Figure 2.5 shows the ideal detail gouge cross section. Before HSS displaced carbon tool steel, for cutting deep narrow coves, narrow blades with cross sections similar to that shown in figure 2.6 were produced by forging. The resulting blades were rotationally unstable, required more complicated manipulations, and in some cases were still not stiff enough.
Properly-stiff, small-fluted HSS gouges could be created by manufacturers producing detail-gouge blades with cross sections similar to that shown in figure 2.7. I’m not aware that such gouges are currently manufactured. Turners can however produce satisfactory alternatives by:
1. grinding down the nose of a suitable bowl gouge with an effectively small flute radius (this is detailed on pages 15 and 16). Manufactured bowl gouges usually have U- or parabola-shaped flute cross sections and high flanges. Their blades are therefore considerably stiffer than those of detail gouges with the same blade diameter. Also the cross section of the bottom of most bowl gouge flutes is close to semicircular
2. cutting a too-slender blade shorter—you then have the option of using the off-cut as a bit
3. cutting a slender blade into short lengths (bits) which are fixed into stiff shafts as explained in figure 2.4.
Figure 2.5 The optimum, rotationally-stable detail gouge cross section. The smaller the lever arm between the force exerted by the shaving and the upward reaction force exerted by the toolrest, the smaller the tool’s tendency to unexpectedly rotate and catch. This lever arm is small when there is a semicircle of steel below the base of the flute. Because most cutting is performed by the cutting edge’s shoulders, the lever arm is even smaller if the semicircle is slightly flattened (indicated by the blue, dashed line).
Obviously the stiffness of a blade with this cross section is related to its width.
Figure 2.6 A blade cross section which is somewhat stiffer than one with the same flute radius but the figure 2.5 cross section.
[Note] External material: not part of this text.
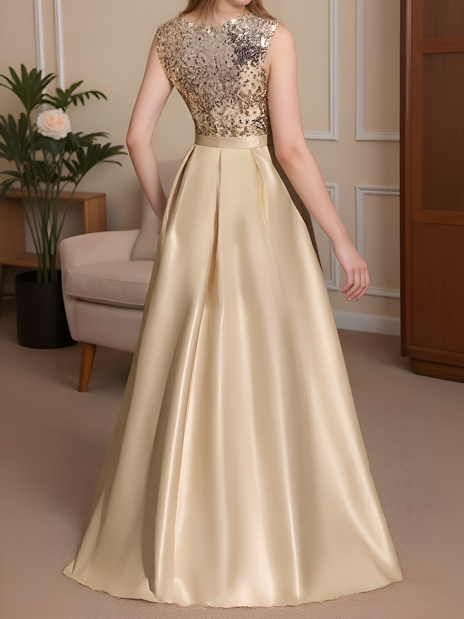 A formal evening gown with champagne colored elegant party sequins spliced high slit to the thigh back, a fashionable French wedding dress, suitable for party dinners/music performances/speech occasions, long dresses

However this deeper blade cross section results in a longer lever arm between the two forces and therefore greater rotational instability.
Figure 2.7 A rotationally-stable, stiff blade cross section with a small flute radius. To improve its ability to cut deep, narrow coves, the nose’s width must be reduced by grinding back the flanges as shown in figures 2.10 and 2.11.
Figure 2.8 Top, a 19-mm-wide detail gouge with a ladyfinger nose; bottom, a gouge with a fingernail nose.